ECLI:NL:TVVTPVV:2013:4 Tuchtgerecht Productschap Vee en Vlees Zoetermeer TPVV0213

ECLI: ECLI:NL:TVVTPVV:2013:4
Datum uitspraak: 28-06-2013
Datum publicatie: 28-06-2013
Zaaknummer(s): TPVV0213
Onderwerp: Diergezondheid
Beslissingen: Geldboete
Inhoudsindicatie: Het nalaten van bloedmonstername ten behoeve van onderzoek naar vesiculaire varkensziekte en de Ziekte van Aujeszky, in drie perioden. Er wordt een geldboete opgelegd. Uit het berechtingsrapport blijkt dat betrokkene in december 2012 extra bloedmonsters zou nemen om de achterstand weg te werken. Het Tuchtgerecht tekent aan dat het nemen van extra bloedmonsters in een bepaalde periode geen toegevoegde waarde heeft als het gaat om het monitoren van de gezondheidsstatus van een koppel dieren naar genoemde ziekten. Een dergelijke, wellicht goed bedoelde, ‘inhaalslag’ kan feitelijk niet gebruikt worden om het niet-nemen van bloedmonsters in een voorafgaande periode te compenseren. Vanuit veterinair oogpunt is dergelijk handelen zinloos. Het Productschap heeft ter zitting aangegeven dat in de beginfase van de handhaving inderdaad een inhaalmogelijkheid geboden is, maar dat het belangrijk is – zo zal het Productschap ook naar de sector communiceren – dat de monsters in de periode zelf genomen worden.

Zaaknummer:

TPVV 02/2013

Betrokkene:

[betrokkene]

[adres]

Datum:

28 juni 2013

Gang van zaken:

De zaak berust op een berechtingsrapport dat CoMore Bedrijfsdiensten B.V. (hierna: CBD) heeft opgemaakt onder nummer SVD-ZvA 1248, naar aanleiding van een administratieve inspectie op 10 december 2012 door een controleur van het CBD met betrekking tot het bedrijf van betrokkene, dat deze uitoefent aan [adres], dat op naam van [betrokkene] geregistreerd is onder [UBN].

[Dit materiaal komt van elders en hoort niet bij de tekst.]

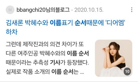 배우들 뿐만이 아니고 연예인들 나열되는 이름순서가 사실상 연예인으로서의 가치,인기 이렇게 받아들여질 수 있어서 곧 연예인들의 자존심이라고 하잖아 배우들은 그런 것 때문에 작품 엎어지는 경우도 허다하다고 하고 하물며 털털한 전소민조차도 이름순서가 중요하다,뒤로 밀리면 기분 나쁘다 이렇게 말한적 있음
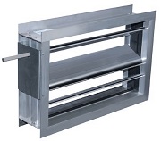 - состоит из корпуса с присоединительными фланцами, установленных в нем двустенных лопаток поворотного типа, приводимых в движение системой рычагов и тяг, электрического (либо ручного) привода, а также трубчатых электронагревателей из нержавеющей стали в местах сопряжения лопаток для облегчения их открытия в случае обмерзания в зимнее время.

Het Tuchtgerecht heeft de zaak beoordeeld op basis van de schriftelijke verklaring, als bedoeld in artikel 15 van de Wet tuchtrechtspraak bedrijfsorganisatie 2004.

Het Tuchtgerecht heeft de zaak op 4 juni 2013 behandeld op zijn openbare terechtzitting, gehouden te Amersfoort.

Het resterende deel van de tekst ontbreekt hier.